1. Determine the Domain

The expression inside the square root must be non-negative:

$x^2 - 8x + 15 \ge 0$

Factor the quadratic:

$(x - 3)(x - 5) \ge 0$

This inequality holds when $x \le 3$ or $x \ge 5$.

2. Consider the Sign of $3x - 2$

If $3x - 2 < 0$, i.e., $x < \frac{2}{3}$, the inequality holds true because the square root is always non-negative. So we have to consider it only when $x \le 3$.

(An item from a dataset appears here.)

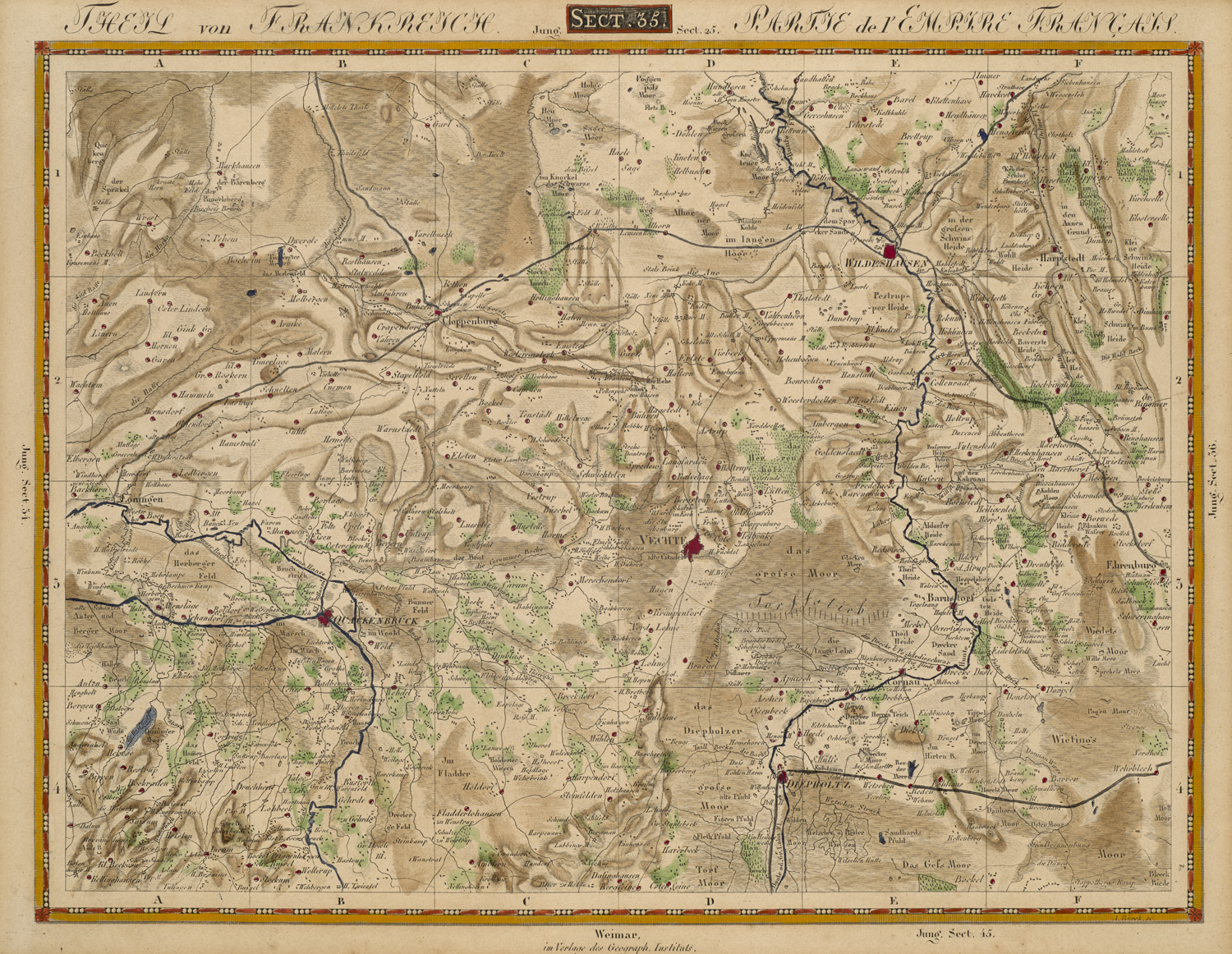 Orts- und Landeskunde mit verschiedenen Schlagworten – Enthält: - Johann Baptist Homann. Prospect und Grundris der Keiserl. Freyen Reichs und Ansee Stadt Bremen samt ihrer Gegend. Nürnberg, um 1720. - Cercles de Haute et Basse Saxe. Paris, Louis Charles Desnos, 1766. - Oldenburg Comitatus. Amsterdam, Schenk u. Valk, um 1700. - Die Grafschaft Hoya mit den Grafschaften Diepholz und Spiegelberg. Wien, Reilly, um 1790. - Theil von Frankreich. Partie de l'Empire Français. Sect. 35. Weimar, Verlag des Geogr. Instituts, um 1813. Mit Cloppenburg, Vechta, Wildeshausen und Quakenbrück. - Gustav Frank. Ansicht von Bremen. Um 1860. Getönte Lithographie auf Papier (sporfleckig durch früheren Wasserschaden). - Thomas Jefferys. The German Dominions of the King of Great Britain. Comprized under the name of Electorate of Brunswick-Luneburg and including the dutchies of Bremen, Verden, Luneburg-Zell, Calenberg and Grubenhagen. With the counties of Danneberg, Diepholt and Hoya, to which are added the dominions of Brunswick-Wolfenbuttel. London, Laurie & Whittle, 1794. - Episcopatuum Monasteriensis Et Osnabrugensis Ut Et Comitatuum Bentheim, Teclenburg, Stenford, Lingen, Diepholt, Delmenhorst, Rietberg. Augsburg, Seutter, um 1740. (mit mehrfachen geglätteten Falzen, diese teils mit Fehlstellen. Einige hs. Annotationen in Buntstift). - Je mit geglättetem Mittelfalz. Teils leicht gebräunt. Insgesamt wohlerhalten.

3. Square Both Sides (When $3x - 2 \ge 0$)

When $3x - 2 \ge 0$, i.e., $x \ge \frac{2}{3}$, we can square both sides of the inequality:

$x^2 - 8x + 15 \ge (3x - 2)^2$

Expanding and simplifying:

$x^2 - 8x + 15 \ge 9x^2 - 12x + 4$

$0 \ge 8x^2 - 4x - 11$

4. Solve the Quadratic Inequality

To solve $8x^2 - 4x - 11 \le 0$, we first find the roots of the quadratic equation $8x^2 - 4x - 11 = 0$. Using the quadratic formula:

$x = \frac{-b \pm \sqrt{b^2 - 4ac}}{2a}$

$x = \frac{4 \pm \sqrt{(-4)^2 - 4(8)(-11)}}{2(8)}$

$x = \frac{4 \pm \sqrt{16 + 352}}{16}$

$x = \frac{4 \pm \sqrt{368}}{16}$

$x = \frac{4 \pm 4\sqrt{23}}{16}$

$x = \frac{1 \pm \sqrt{23}}{4}$

So the roots are $x_1 = \frac{1 - \sqrt{23}}{4}$ and $x_2 = \frac{1 + \sqrt{23}}{4}$.

Since the coefficient of $x^2$ is positive, the parabola opens upwards. Therefore, the inequality $8x^2 - 4x - 11 \le 0$ holds between the roots:

$\frac{1 - \sqrt{23}}{4} \le x \le \frac{1 + \sqrt{23}}{4}$

5. Combine All Conditions

We need to combine the following conditions:

• $x \le 3$ or $x \ge 5$
• $x < \frac{2}{3}$
• $x \ge \frac{2}{3}$ and $\frac{1 - \sqrt{23}}{4} \le x \le \frac{1 + \sqrt{23}}{4}$

From the first condition and $x < \frac{2}{3}$, we have $x \le 3$ and $x < \frac{2}{3}$, so $x < \frac{2}{3}$.

From the first and third conditions, we have $x \ge \frac{2}{3}$, $x \le 3$ or $x \ge 5$, and $\frac{1 - \sqrt{23}}{4} \le x \le \frac{1 + \sqrt{23}}{4}$.

Since $\frac{1 - \sqrt{23}}{4} \approx -0.9$ and $\frac{1 + \sqrt{23}}{4} \approx 1.4$, we only consider the interval $\frac{2}{3} \le x \le \frac{1 + \sqrt{23}}{4}$. Combining these, the solution is:

$x < \frac{2}{3}$ or $\frac{2}{3} \le x \le \frac{1 + \sqrt{23}}{4}$

This simplifies to:

$x \le \frac{1 + \sqrt{23}}{4}$

And considering the domain:

$x \le 3$ or $x \ge 5$, the solution is $x \in (-\infty, \frac{1 + \sqrt{23}}{4}] \cup [5, + \infty)$.

This thorough approach guarantees an accurate solution, combining algebraic methods with an understanding of inequalities. Remember to verify your solutions using R or other tools to ensure correctness.

Solving inequalities with square roots can be a bit of a puzzle, but with a clear, step-by-step approach, you can definitely master them. Keep practicing, and you'll become more confident in your abilities. Good luck, and have fun solving!